Долго думал я над этим, рассуждал, размышлял… Пока однажды не пришла в мою голову одна мысль.

Мы все знаем, что школа – важнейший социальный институт. Во многом благодаря ней человек проходит процесс социализации. Однако что такое социализация? Проще всего сказать «адаптация в обществе». Но ведь так и есть! А адаптация… Адаптация – это собирательное понятие. Здесь важны опыт, коммуникативные навыки, возраст, общие знания, широта кругозора, постоянное общение и т. д. Исходя из этого я нахожу, что нет лучшего времени в школе для адаптации-социализации, чем перемена. Не верите? Вспомните свои перемены, и то, что вы наблюдали на них, и то, как вы себя вели и ощущали… Ах, как много людей, разговоров, действий, спешки!.. И вы – в пучине всего этого, вы – субъект этого хаоса! Вы – деловой человек со всеми своими проблемами и нерешенными задачами или весельчак с шутками и развлечениями – душа компании! Здорово, правда? И чем не социализация?! Вот оно, ощущение «нужности» (пусть будет такое слово!), чувство принадлежности к обществу, и к не самому малому – школьному! Вот когда начинается познание общества – когда ты уже незаметно в нем, когда ты постепенно начинаешь обретать свое место, а позже и союзников, и, к несчастью, врагов… Но так надо! Так и должно происходить! Ибо не быть иначе полной социализации, с анализом своих «плюсов» и «минусов», своих «хорошо» и «плохо», своих «да» и «нет»; не быть критике, взгляду на себя со стороны, самоанализу, искоренению недостатков, обретению хороших качеств; наконец, не быть уверенности, мировоззрению и кредо, и не быть всему тому, что позволяет-таки человеку хоть на 0,001% познать себя! И это все школа! Замечу, что не семья – первичная социальная группа, многими почему-то считающаяся наиглавнейшей (хотя я ничего не имею против семьи, пусть она и не может реализовать в человеке социологическое познание), – а школа, кладезь вариантов раскрытия человека!
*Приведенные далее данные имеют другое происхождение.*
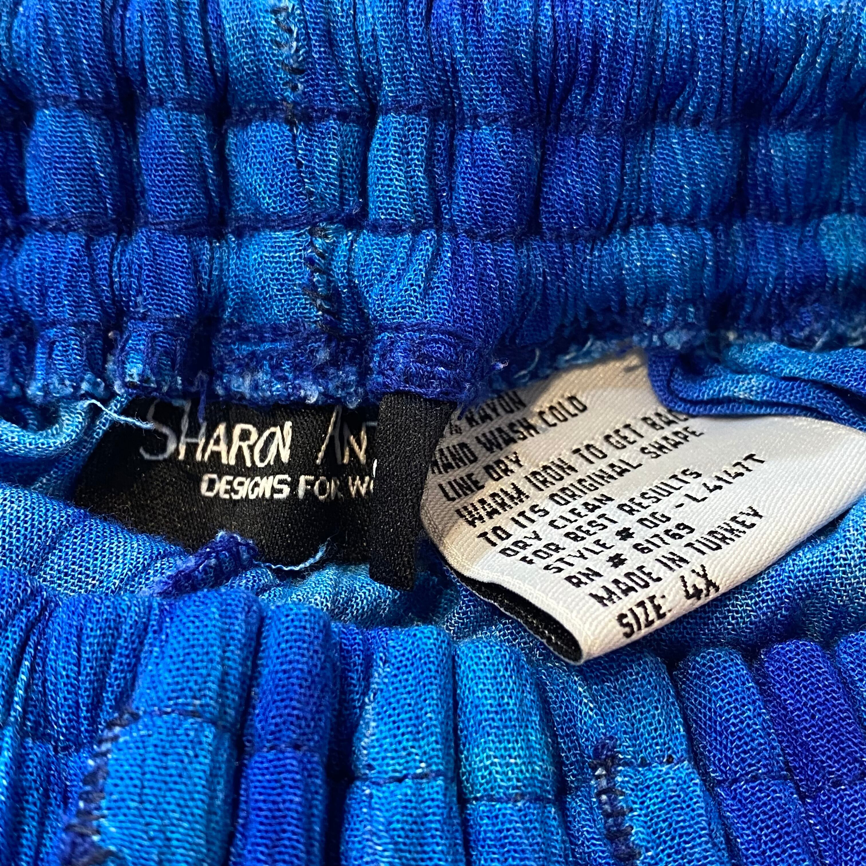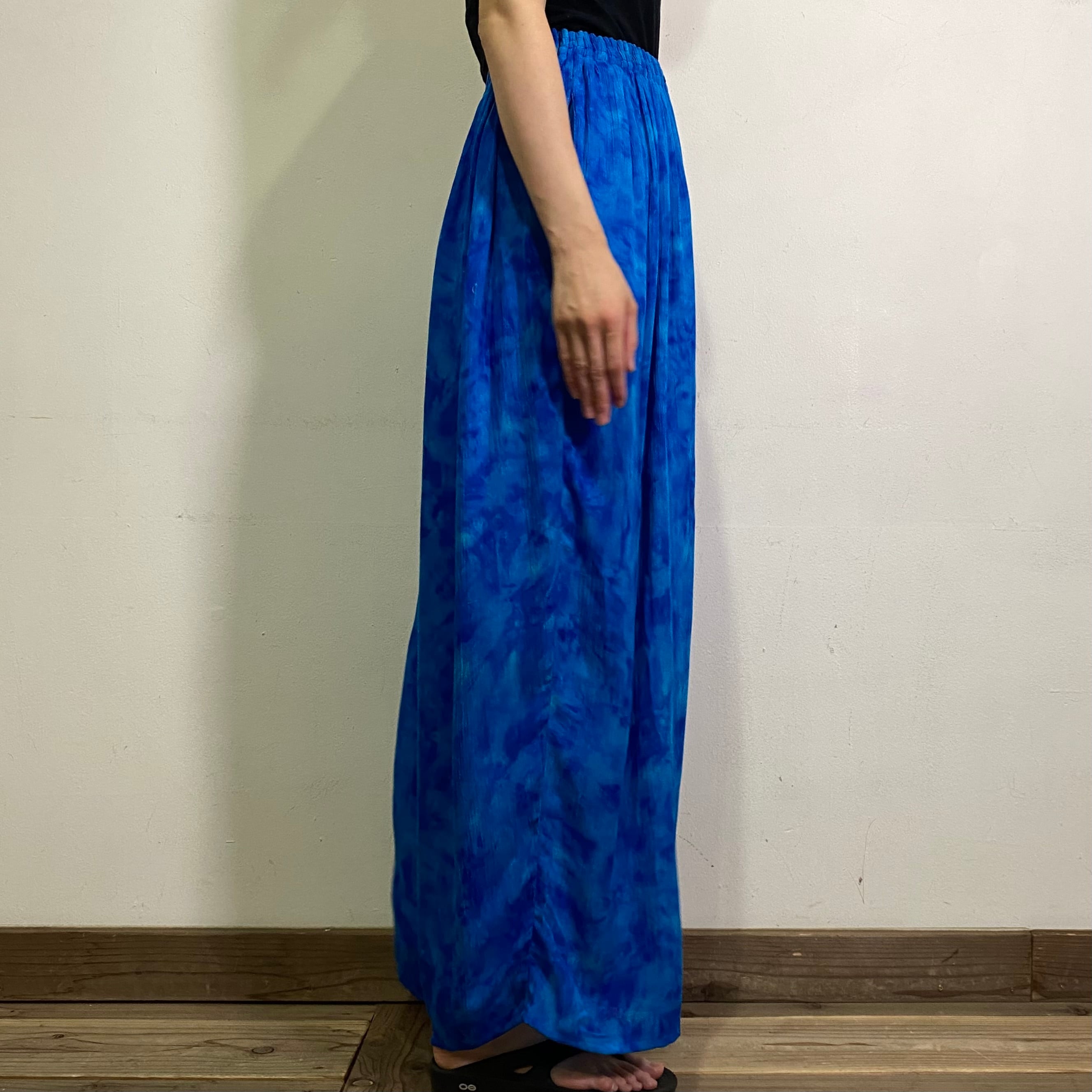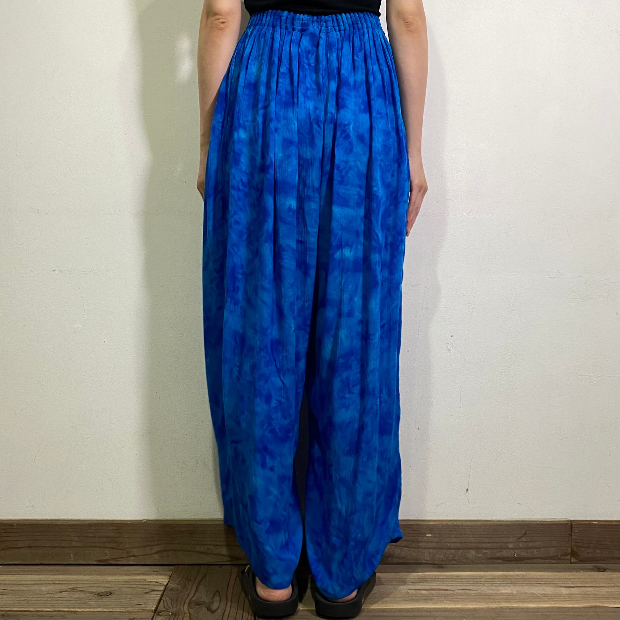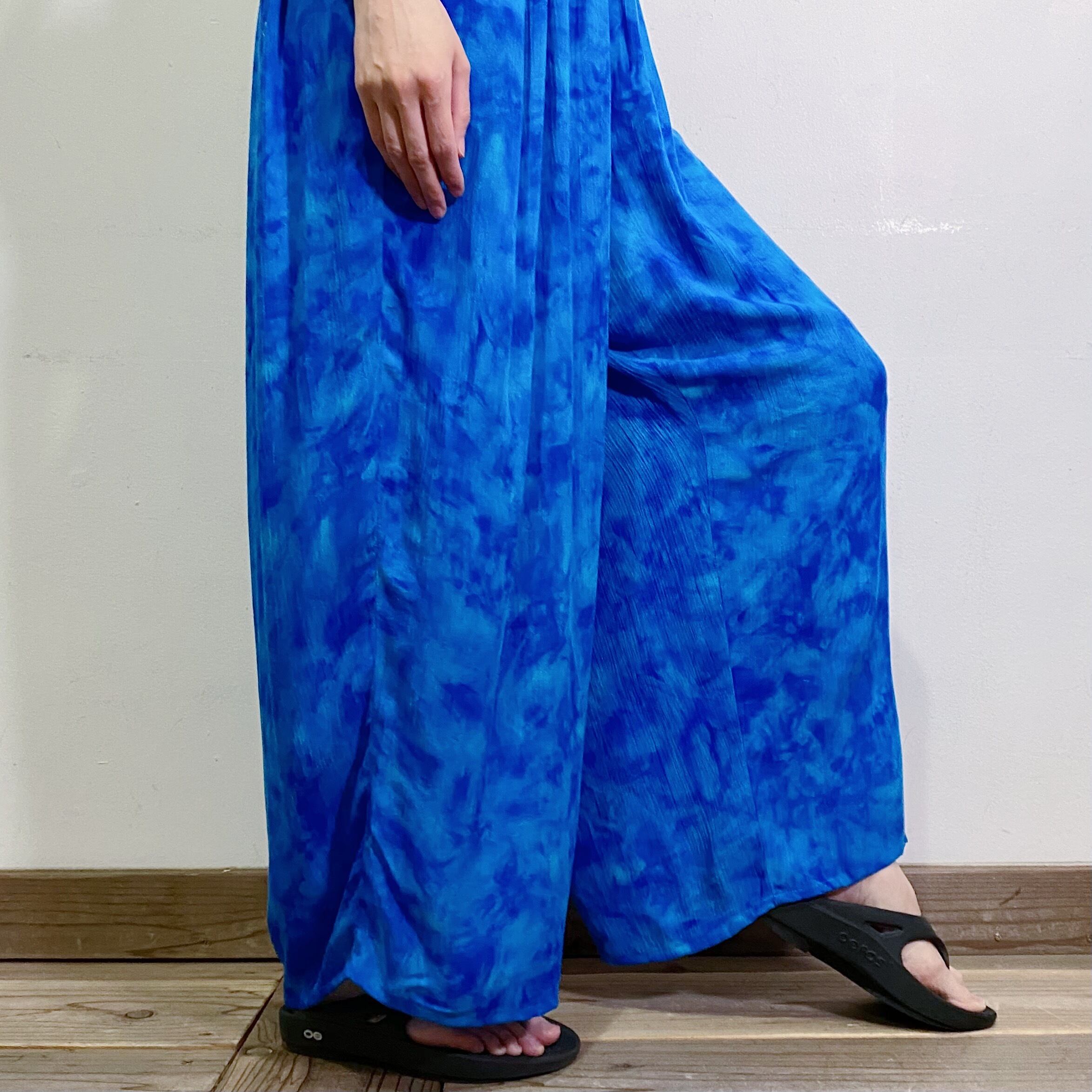 ブルーのタイダイに太めのワイドシルエットが可愛い、パンツです。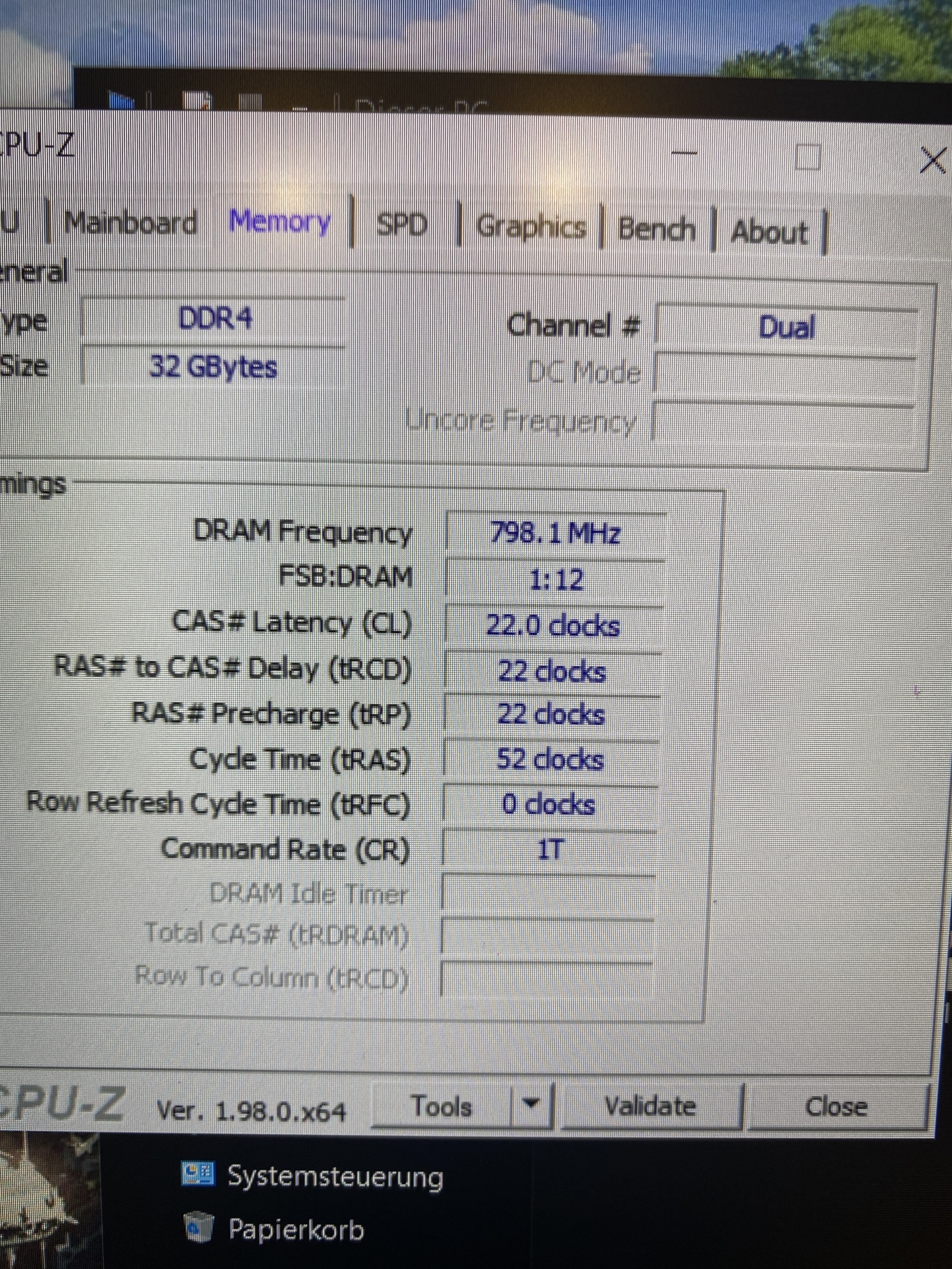 CPU-Z zeigt unter memory 798.1mhz an für DRAM frequency bei einer FSB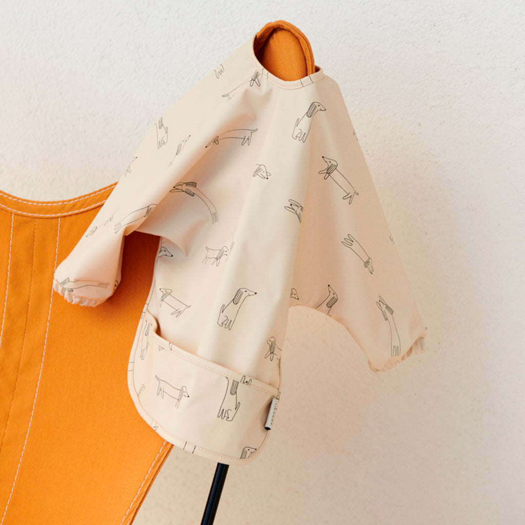 A lightweight and waterproof cape bib for children to protect from mess. The recycled material makes it instantly re-usable: simply rinse and wipe clean.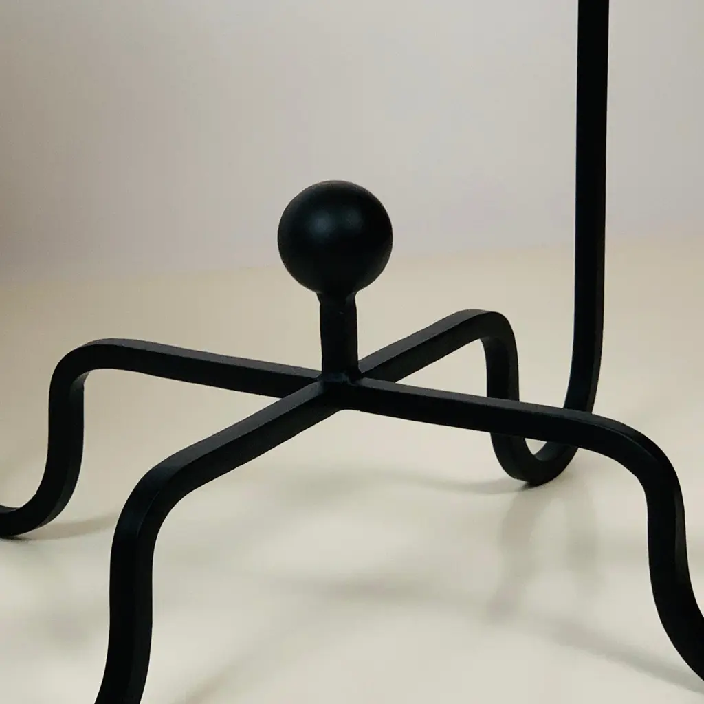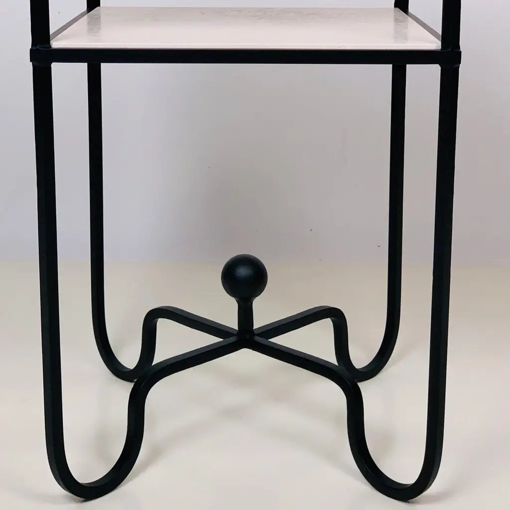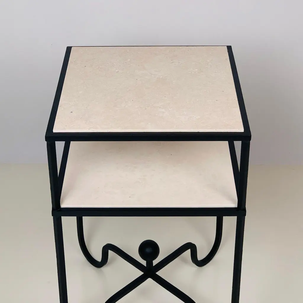 2-tier 'Entretoise' side table by Design Frères. Wrought iron base with 2 thin travertine shelves. Shelves are removable for secure shipping and cleaning.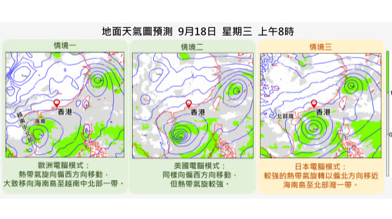 天文台指,根據最新衛星雲圖顯示,呂宋附近的對流雲團系統逐漸變得較有組織,一個熱帶氣旋似乎在形成中。天文台預料,這個低壓系統會在今日(17日)進入南海,有可能發展為熱帶氣旋。該系統隨後會向偏西方向移動,但受東北季候風影響,其路徑存在變數。熱帶氣旋路徑概率預報顯示,該系統有較大機會移向海南島至越南中北部一帶。亦有個別模式預測該低壓系統會以較緩慢的速度橫過南海,並在本周後期轉以較偏北方向移近海南島至北部灣一帶,而且強度較強。
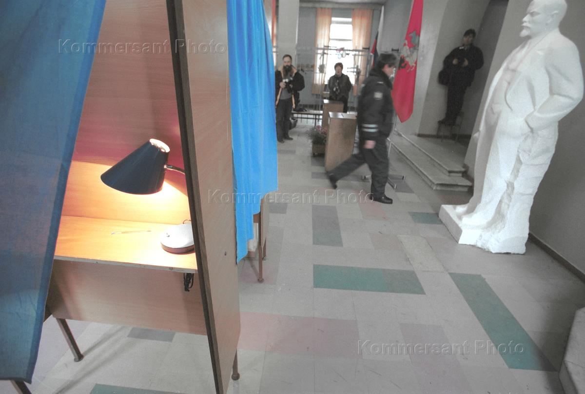 Polling station at Miusskaya street before the arrival of Communist Party leader Gennady Zyuganov. A lamp is turned on the the cabine. Police officers and photogrphers waits for the important person. Lenin's sculpture is seen near the wall.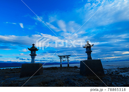 日没後の冬の永尾剱神社の鳥居 干潮時 熊本県宇城市

Но обратимся к дежурству. Если перемена, как ясно из сказанного выше, – такой социологически важный промежуток времени, то что тогда говорить о дежурстве?! Разве нам мало, с точки зрения социологии, дает наблюдение за людьми во время дежурства? О, знали бы вы, как много оно дало мне…

Я действительно скрупулезно наблюдал за людьми, стоя на своем любимом посту на втором этаже. Тут уж мне повезло – было, что понаблюдать. А если еще попытаться залезть в глубину чувств и мыслей людей, понять, о чем они думают… О, тут еще та кладезь! Но вначале, в первые дни моего дежурства, особенно в 8 и 9 классах, я не задумывался над этим. Я просто видел каждый раз проходящих мимо меня в большом количестве людей – людей самых разных: и грустных, и смешных, и мудрых, и тупых… Но это преувеличение, которое могло родиться только тогда, раньше, ввиду моей неопытности, ибо, конечно, чисто тупых людей не бывает, а все производные ругательства исходят, на деле, только от эмоций. Впрочем, повторюсь, тогда я мыслил общими категориями, подразделяя, в общем, всех прохожих на две большие группы – учащихся и преподавателей. Даже и наблюдал мало. Скорее, просто иногда оглядывался по сторонам, отрываясь изредка от экрана телефона и ожидая очередного звонка. Так, строго говоря, и прошли первые два года моего дежурства. Это были скучнейшие два года, запомнившиеся мне больше по простым переменам, встречам с Компанией и различным праздникам в течение двадцати четырех месяцев, но никак не по дежурству.

Однако дежурство в 10 классе я вспоминаю с совсем другими чувствами. Наверно, что-то изменилось. Нет, не в людях – они, учащиеся и преподаватели, все так же проходили огромным потоком по центральной рекреации второго этажа и, наверно, даже не обращали внимания на то, что я где-то поблизости стою на посту. Но что-то изменилось во мне. О, конечно, мне сейчас очень трудно вспомнить, а тем более описать процесс этого изменения, ибо все происходило, видимо, постепенно и незаметно – так, что даже невозможно это подробно изложить. Тем не менее один момент я не могу не отметить: несомненно, я стал более внимателен к людям. Теперь огромный поток двух групп – учащихся и преподавателей – уже не был для меня таковым, как не было и самих этих групп. В 10 классе я стал рассматривать их отдельно – по каждому человечку, забыв вообще про такие понятия, как «группа» и «поток». Лишь одно коллективное понятие оставалось для меня священным и незыблемым и остается таковым и по сей день – Компания. Впрочем, в теме дежурства она вряд ли имеет какое-то важное значение.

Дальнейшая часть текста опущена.